Someone blew out the lantern and after their eyes adjusted to the dark, the magnificent sky lit up above their heads. The moon less sky was pierced with stars; the Milky Way looked so peaceful, so serene, like a painting. No moon was good for saving lives as the enemy machine gunners would have trouble seeing the soldiers moving about in the dark mud as they advanced.

The lieutenant took leave of his men and found his way to the officer’s bunker, lifting the blanket flap designed to keep light in and sniper’s bullets out. He pulled out a leather framed photograph.

“My dearest Lily.” He tried several times to write. He crumpled the letter, thought again, straighten out the wrinkled piece of paper and began to write about the boys, his men on the line. He wrote how he wished he was back home walking along Main Street with her, stopping in at the drug store for a soda and maybe later listening to some jazz records in her parlor. He dozed a bit, until someone shook him awake.

“It's just about time, sir.”

He gathered his things left the letter and the photograph on the table and went out in to the early morning cold. The Milky Way was bright and clear, sneaking through the sky like some fluorescent snake.

The shelling began on time, the army couldn't get fresh food, delousing or fresh water delivered on any kind of schedule, but they sure as hell knew how to send death and destruction on time. The shells screamed overhead.

“That otta wake those bastards up!”

Then silence. The first whistle sounded and the boys all affixed their bayonets and began to climb the scaling ladders, nervous, cursing, and cussing. Someone pissed his pants.

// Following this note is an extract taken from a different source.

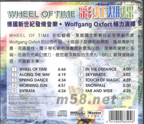 價(jià)格為估,以實(shí)到貨為準(zhǔn)! 彩虹蝴蝶(m58.net) 請(qǐng)點(diǎn)看產(chǎn)品正、背面大圖 WHEEL OF TIME 彩虹蝴蝶,是德國(guó)全能新世紀(jì)音樂劇作家Wolfgang Oxfort的出色作品,十首曲子旋律和諧開朗,風(fēng)格清新可喜,充滿靈性。電子琴和結(jié)他彈奏表演最為出色,音樂效果變化多端,活潑而充滿幻想力,使您增添無限的生命力。BELL 廠版發(fā)燒綠音,天碟級(jí)水準(zhǔn)。

The lieutenant looked over, “Good idea Reilly. Boys if you need to piss now's the time to do it.” The trench was soon filled with sounds of relief and then the second whistle blew. They were off.

The star bursts went off and the first thing he thought of was Dante's Inferno. This is what hell must look and smell like, dead animals, dead men, craters and lonely sticks that use to be trees. They surged on, the whistles blaring, alerting the enemy that an attack was imminent.

Bullets started to scream at them hitting with the thud of metal crushing in to flesh and bone. Like any man his first instinct was to dive in to the first crater he came across. The hole was filled with his boys all hugging the stinking earth and smelling of excrement. The enemy had turned the tide, using the star bursts to find targets and pepper the waste land with bullets from their machine guns and snipers. Soon the enemy began to return cannon fire and the fields were being torn apart by their shelling.

The lieutenant stood, silhouetted by the bombardment and looked at his boys, his men. He yelled, “Back to safety, back to the trenches, the Abby will have to wait for another night.”

A bullet ripped through his chest exploding on contact with his muscles, his lungs wheezed, his heart skipped a beat as blood streamed out on to the others now cowering in the bottom of the crater. The safety of the crater. He fell to his knees clutched at his jacket, throwing his revolver in to the dark, as he fell face first in to the mud. Up above the star bursts continued to the delight of the enemy who used the artificial light to find targets of men scrambling back, crawling back to the trenches.